Thursday, August 18, 2022

Enjoying the Fruits of One's Labor and the Copyright Clause

For anyone remotely interested in intellectual property law, and more particularly copyright law, I want to commend to your attention a very important amicus brief just filed in the Supreme Court by Curt Levy and the Committee for Justice. The brief opposes what it characterizes (rightly in my view) as a radical interpretation of the fair use doctrine by the Andy Warhol Foundation for the Visual Arts.

In the context of explaining why the Warhol Foundation's unduly expansive interpretation of the fair use doctrine should be rejected, the Committee for Justice's brief states: "Copyright protections serve to vindicate the fundamental civil right that authors have to the fruits of their labors.
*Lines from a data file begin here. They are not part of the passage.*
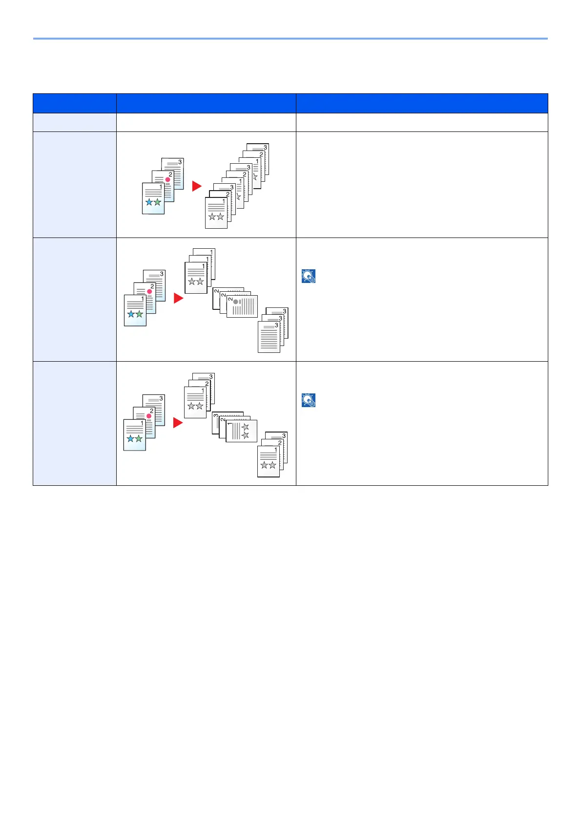 Collate Only Scans multiple originals and delivers complete sets of copies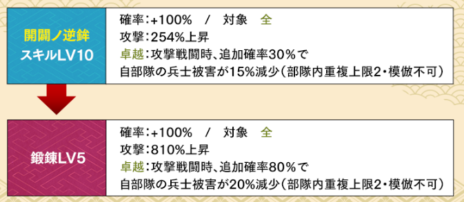 開闢も火力がアップし、兵士被害減少率や卓越発動率が改善される。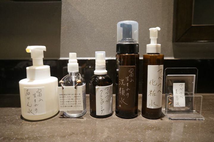 客室や大浴場などに用意されている基礎化粧品は、メイドイン富山の雅樂倶オリジナル。名称に用いられている「つべつべ」は富山の方言で「すべすべ」のことで、ネーミングもかわいいです。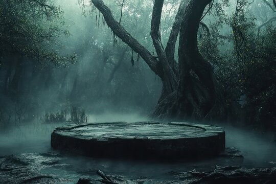 A podium surrounded by mist in a mysterious swamp, with dark, twisted trees in the background.
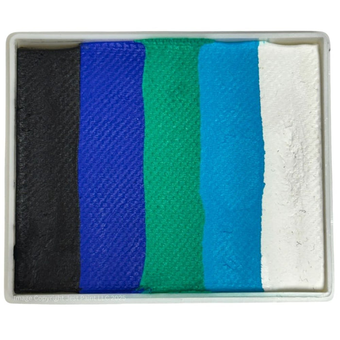 All TAG rainbow cakes are perfect for full face and eye mask designs. You can use small sections of the cake for 1 Stroke brush designs as well. The Water Dragon cake is a teal and blue combo with a dark and light edge. It is great for mermaids, frozen masks, dragons, sea creatures, a any thing cool and blue!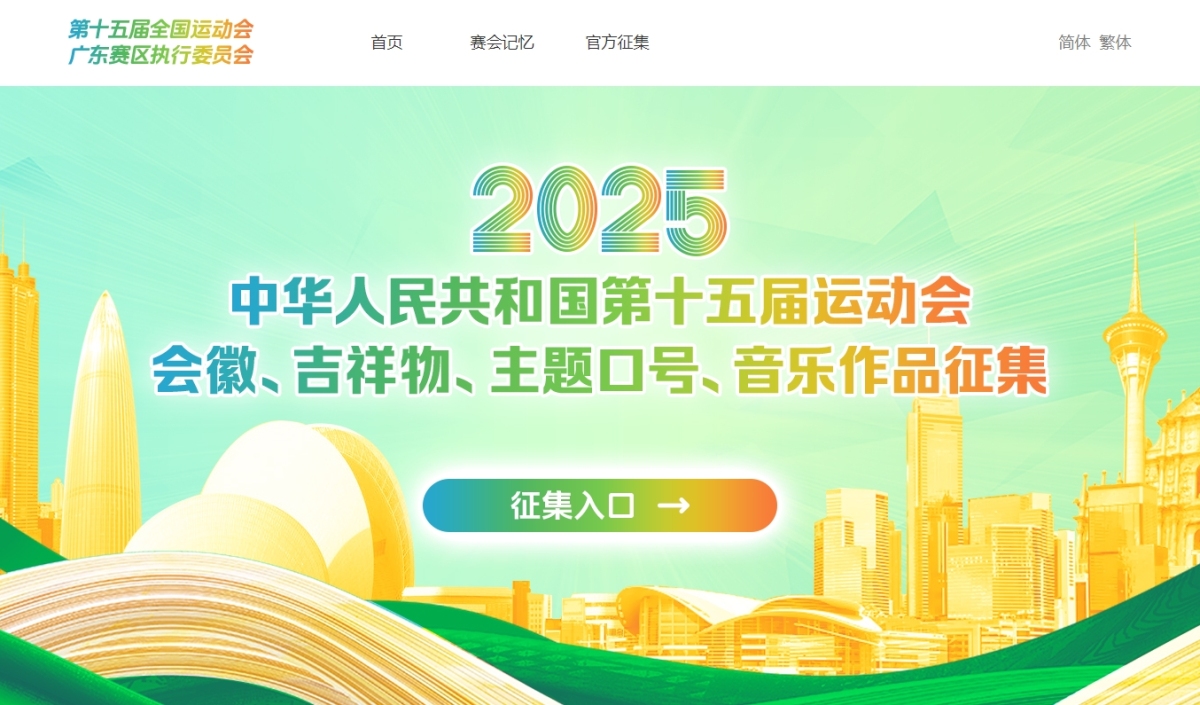 【點新聞報道】由粵港澳聯合承辦的第十五屆全運會將於明年舉行,各項籌備工作正在緊張有序進行中。第十五屆全國運動會廣東賽區執行委員會今日(13日)公布,面向全球徵集十五運會會徽、吉祥物設計方案,主題口號及音樂作品。點新聞記者留意到,今次大賽專頁特設繁體字切換選項。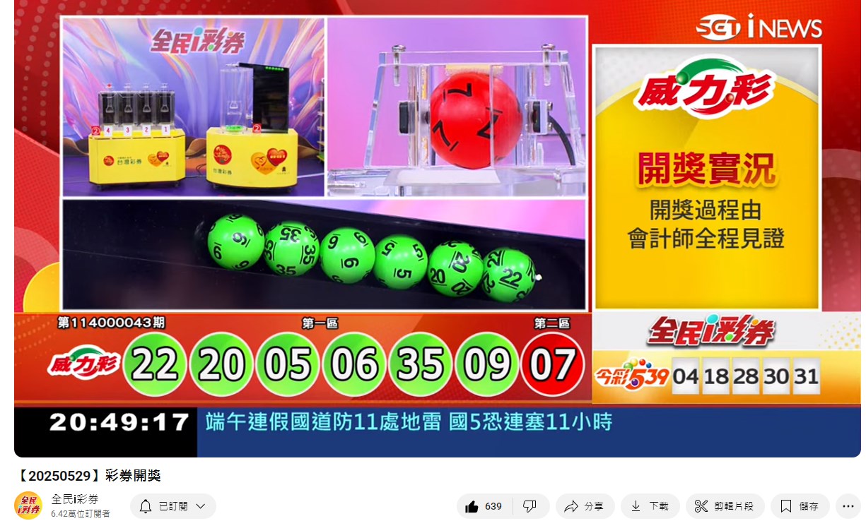 備註: 台彩因給全民兌獎方便,會在電視節目播完後,於全民i彩券YT官方頻道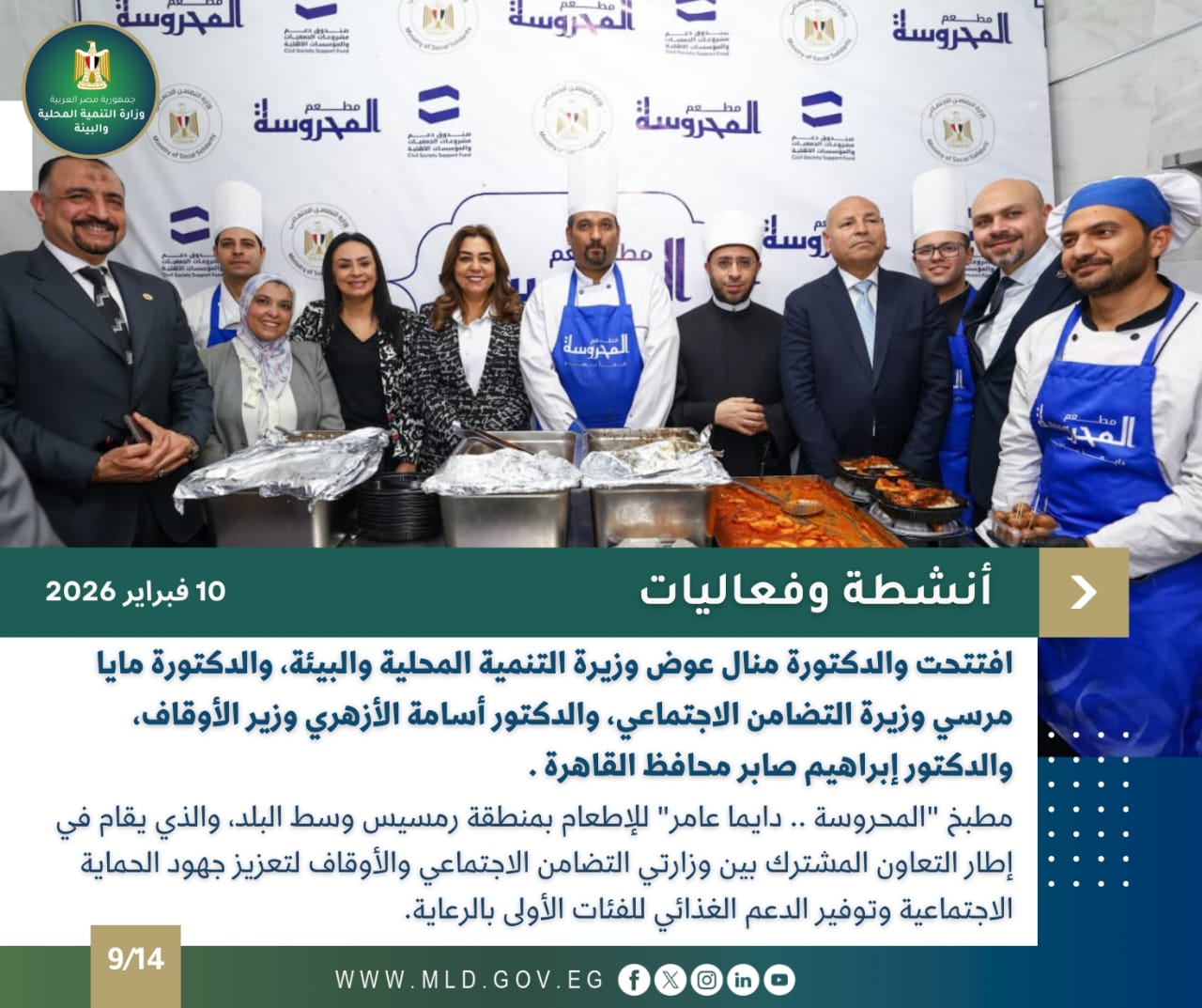 كما افتتحت الدكتورة منال عوض وزيرة التنمية المحلية والبيئة، والدكتورة مايا مرسي وزيرة التضامن الاجتماعي، والدكتور أسامة الأزهري وزير الأوقاف، والدكتور إبراهيم صابر محافظ القاهرة، مطبخ "المحروسة .. دايما عامر" للإطعام بمنطقة رمسيس وسط البلد، والذي يقام في إطار التعاون المشترك بين وزارتي التضامن الاجتماعي والأوقاف لتعزيز جهود الحماية الاجتماعية وتوفير الدعم الغذائي للفئات الأولى بالرعاية.

This is how the Founders understood it at the time they enacted the Constitution with its Copyright Clause, and this is how this Court has understood it ever since." According to the brief, the Warhol Foundation "wants to change this accepted understanding of the Copyright Clause by replacing it with a utilitarian-based regime…."

 

The resort by the Committee for Justice's brief to foundational "first principles" regarding the proper interpretation of the Copyright Clause is in all respects consistent with the views articulated by me and Free State Foundation Director of Policy Studies Seth Cooper in our book, "The Constitutional Foundations of Intellectual Property: A Natural Rights Perspective." Indeed, I am pleased that our book was cited as an authority in Committee's brief alongside these "other authorities" – James Kent, William Blackstone, John Locke, Adam Mossoff, Antonin Scalia, Joseph Story, and Federalist No. 43! I would not be so coy as to deny that I am honored and proud to be listed among such illustrious company, and I'm sure Seth fees the same way.

Again, for anyone with an interest in copyright law, and especially anyone with an interest in understanding why the Founders' included the Copyright Clause in the Constitution of 1787, I heartily commend to you the Committee for Justice's excellent amicus brief. And if you want to delve more deeply, well… I commend our book, "The Constitutional Foundations of Intellectual Property: A Natural Rights Perspective." It's still a bargain.